**Task instructions:**
Repeat only the lines below that run from the line with "Vintage marbled light" to the line with "El robo al paso", ends included; skip every picture.
START Provided records
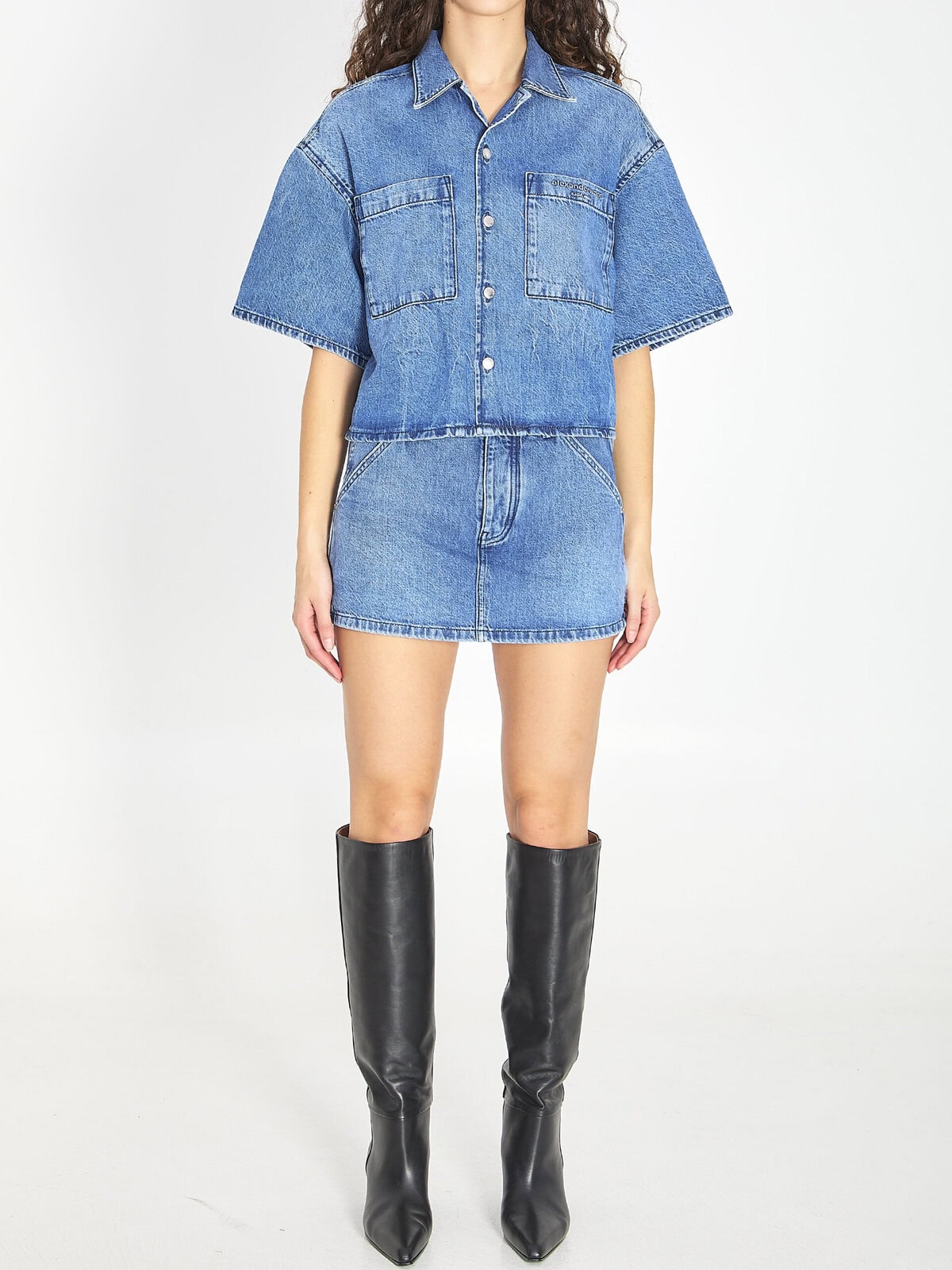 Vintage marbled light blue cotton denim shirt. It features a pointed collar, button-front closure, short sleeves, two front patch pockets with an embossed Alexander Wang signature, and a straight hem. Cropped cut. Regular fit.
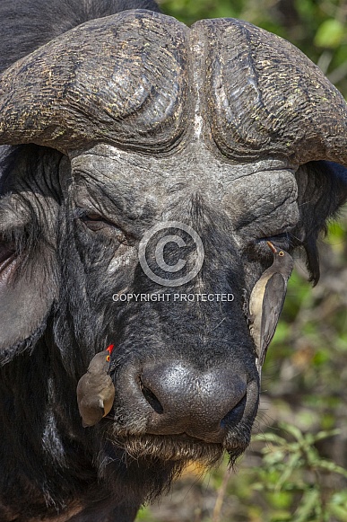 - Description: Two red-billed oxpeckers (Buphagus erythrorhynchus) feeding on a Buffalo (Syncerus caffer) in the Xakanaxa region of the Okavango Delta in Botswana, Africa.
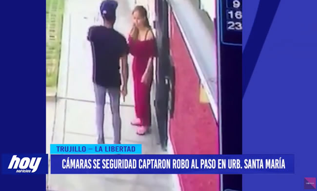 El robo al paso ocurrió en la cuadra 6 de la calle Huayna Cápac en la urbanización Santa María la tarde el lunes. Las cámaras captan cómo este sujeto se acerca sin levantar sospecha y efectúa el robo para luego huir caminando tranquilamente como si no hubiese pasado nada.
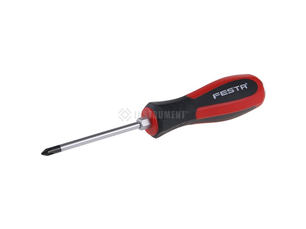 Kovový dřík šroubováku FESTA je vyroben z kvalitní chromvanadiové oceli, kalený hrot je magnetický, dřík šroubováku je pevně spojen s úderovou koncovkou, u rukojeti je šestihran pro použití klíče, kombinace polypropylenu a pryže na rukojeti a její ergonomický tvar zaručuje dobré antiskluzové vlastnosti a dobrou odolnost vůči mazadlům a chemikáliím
END Provided records
START Provided records
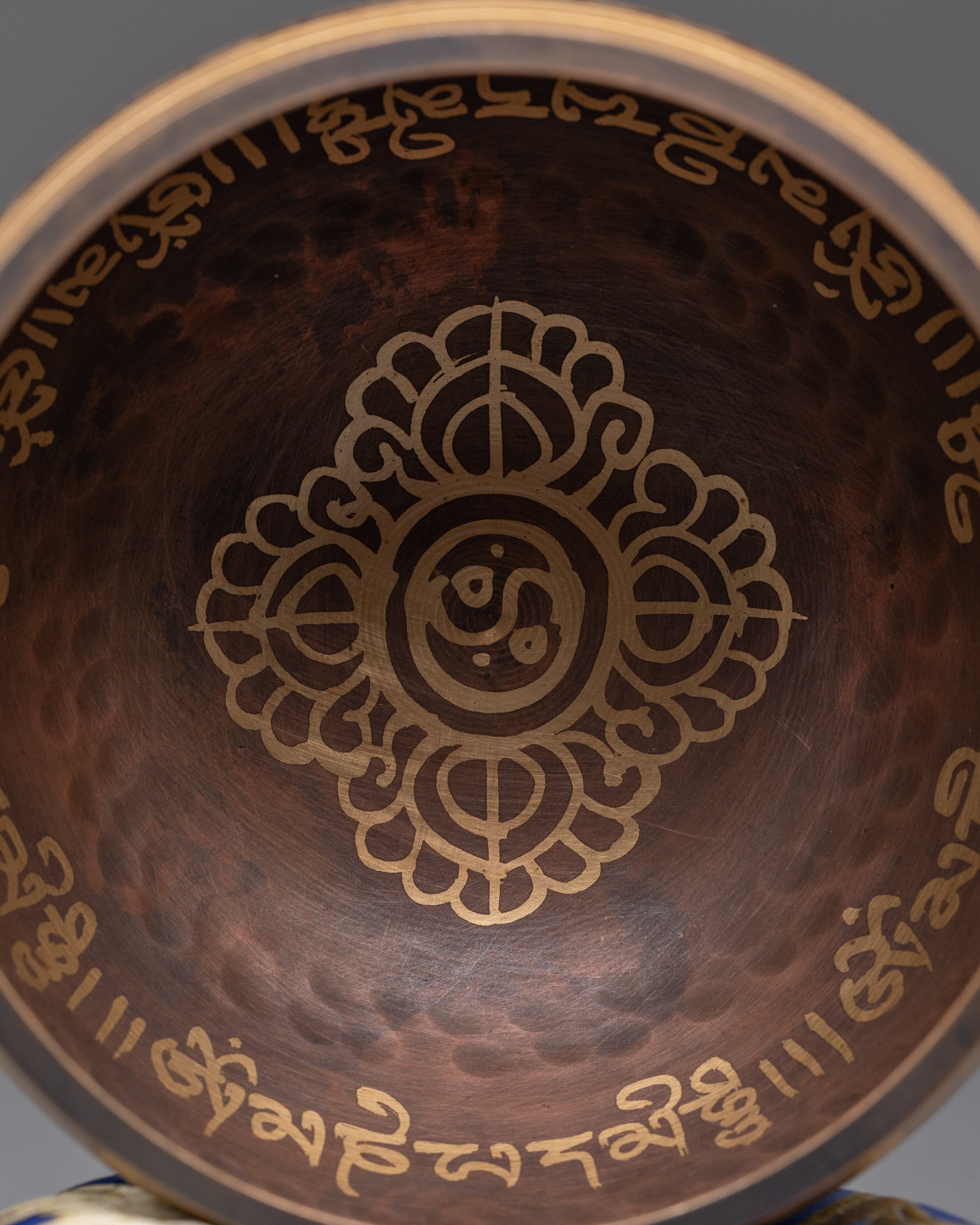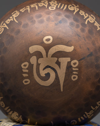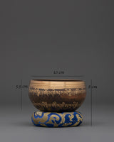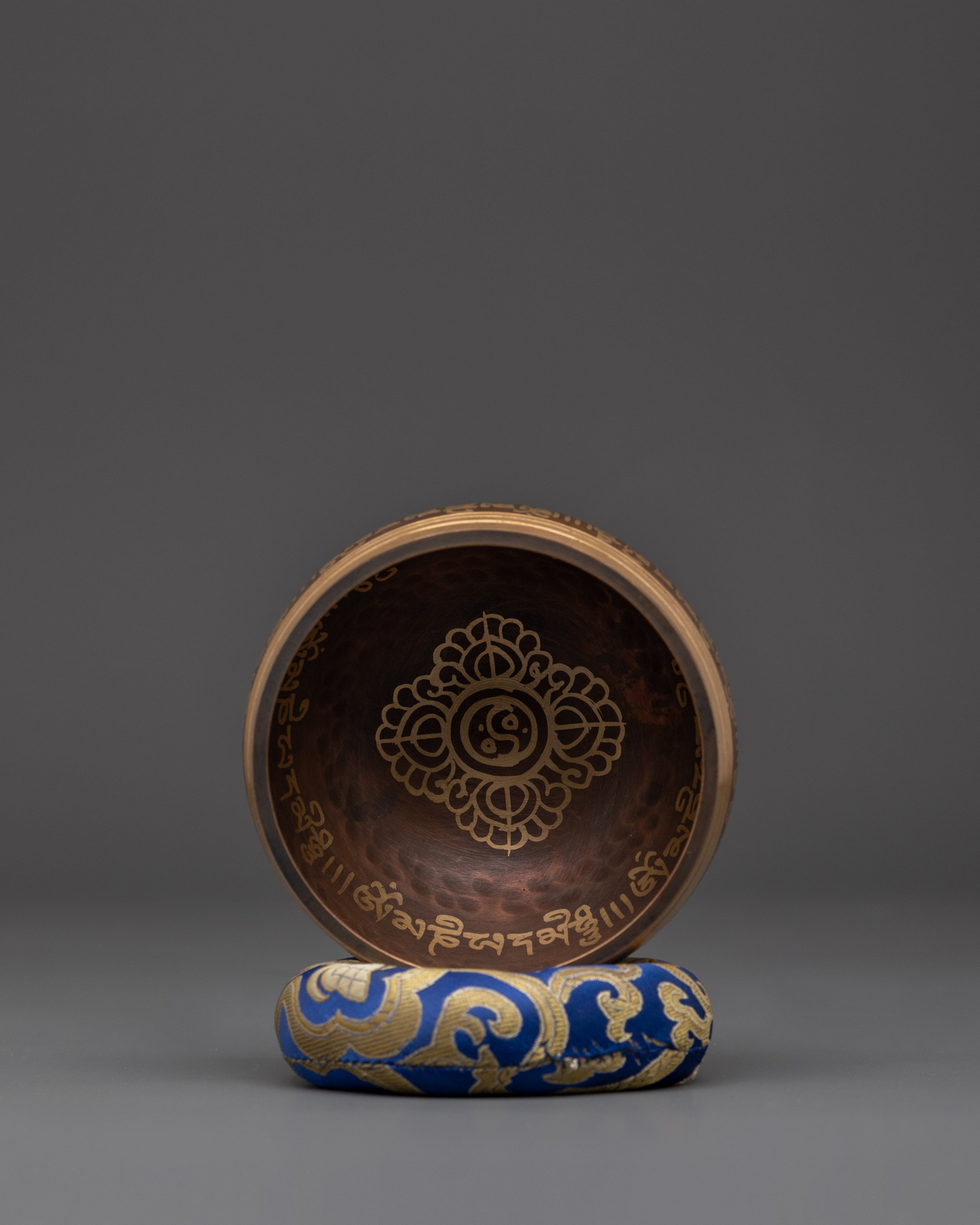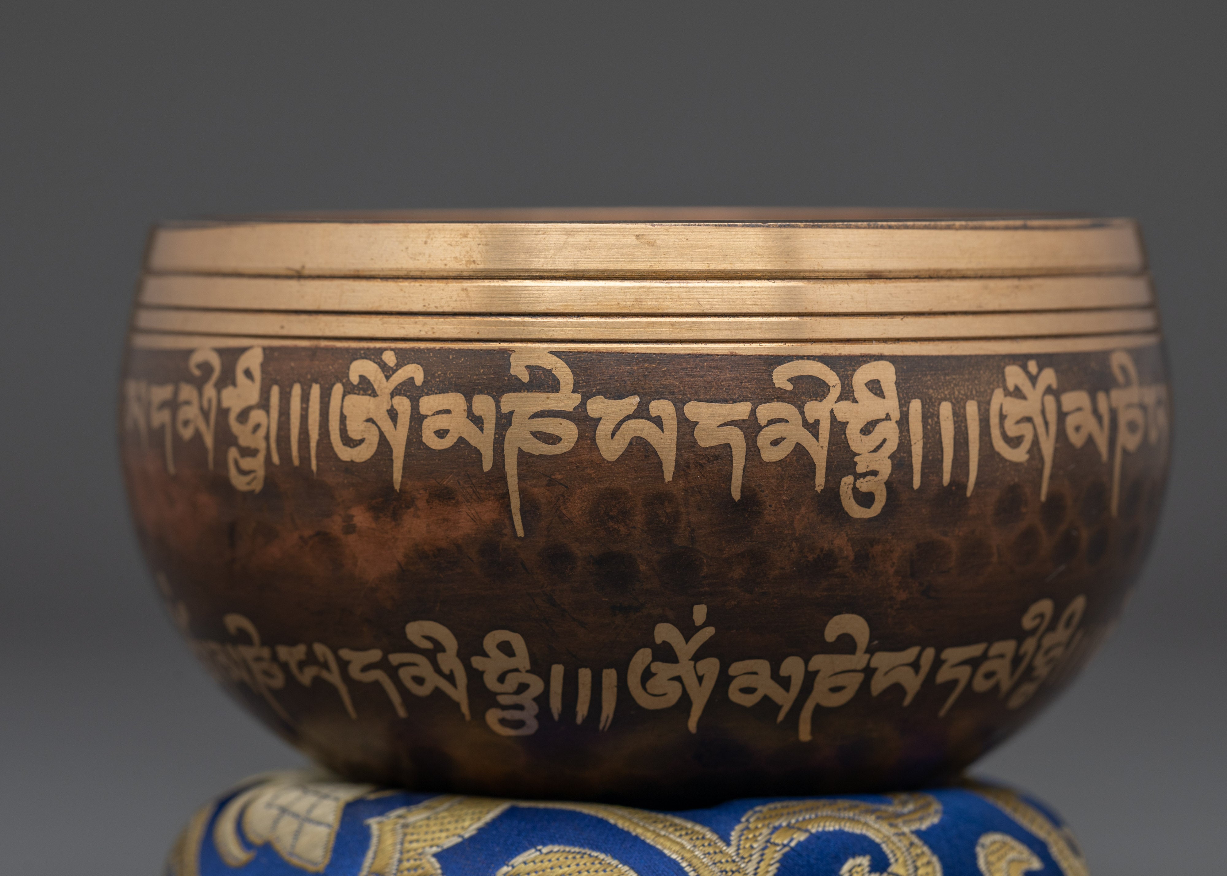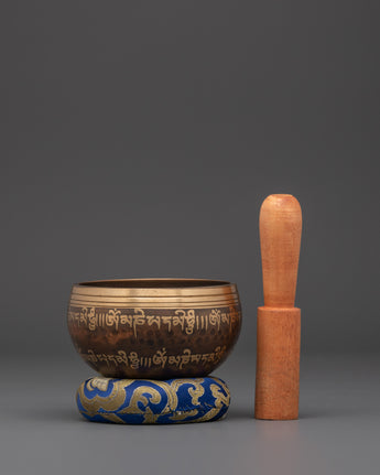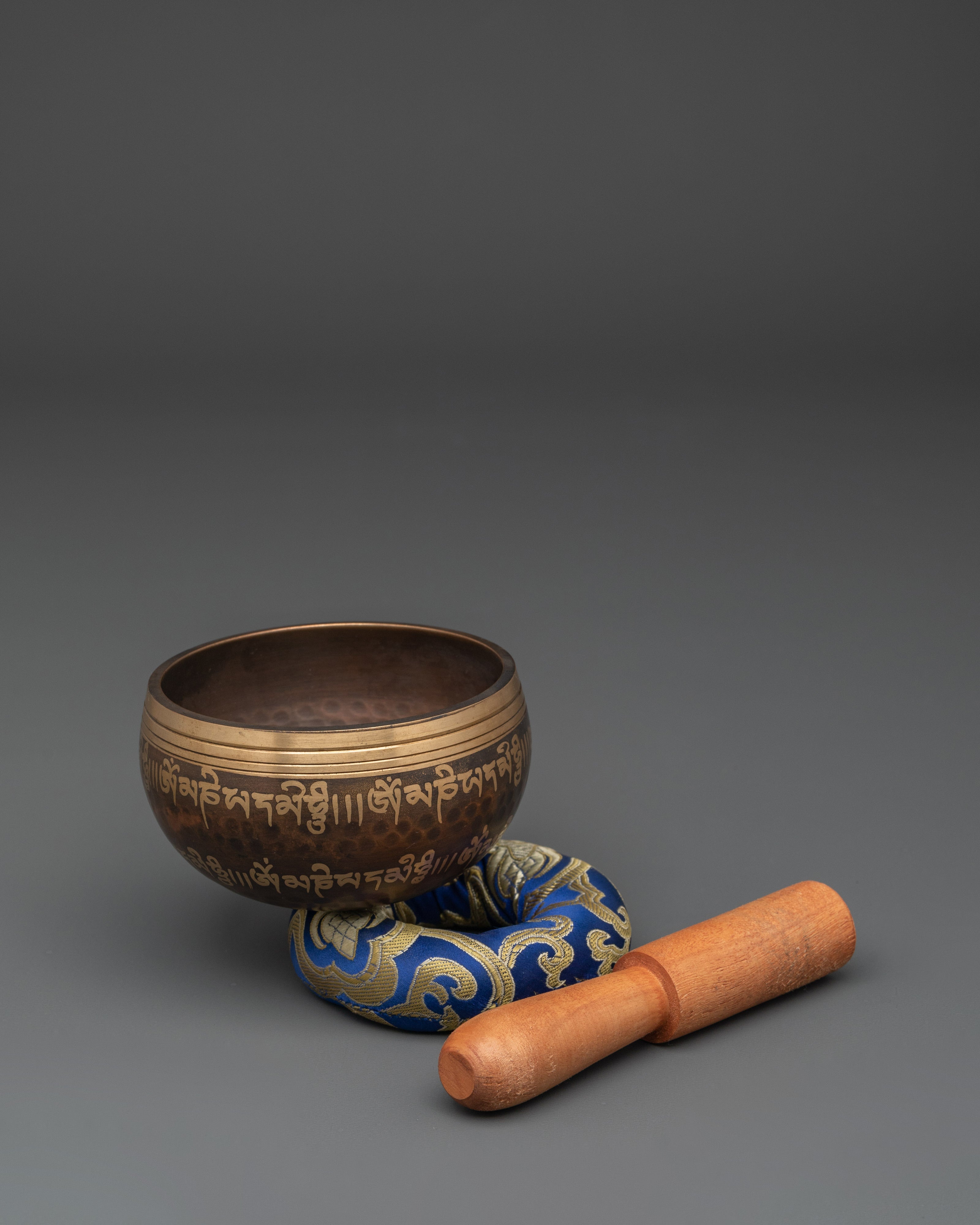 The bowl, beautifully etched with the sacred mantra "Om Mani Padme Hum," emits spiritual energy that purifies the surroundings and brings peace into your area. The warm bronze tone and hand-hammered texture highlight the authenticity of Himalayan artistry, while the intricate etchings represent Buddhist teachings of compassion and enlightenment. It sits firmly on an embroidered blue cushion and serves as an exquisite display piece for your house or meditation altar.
END Provided records
**Output of the task:**
 Vintage marbled light blue cotton denim shirt. It features a pointed collar, button-front closure, short sleeves, two front patch pockets with an embossed Alexander Wang signature, and a straight hem. Cropped cut. Regular fit.
 - Description: Two red-billed oxpeckers (Buphagus erythrorhynchus) feeding on a Buffalo (Syncerus caffer) in the Xakanaxa region of the Okavango Delta in Botswana, Africa.
 El robo al paso ocurrió en la cuadra 6 de la calle Huayna Cápac en la urbanización Santa María la tarde el lunes. Las cámaras captan cómo este sujeto se acerca sin levantar sospecha y efectúa el robo para luego huir caminando tranquilamente como si no hubiese pasado nada.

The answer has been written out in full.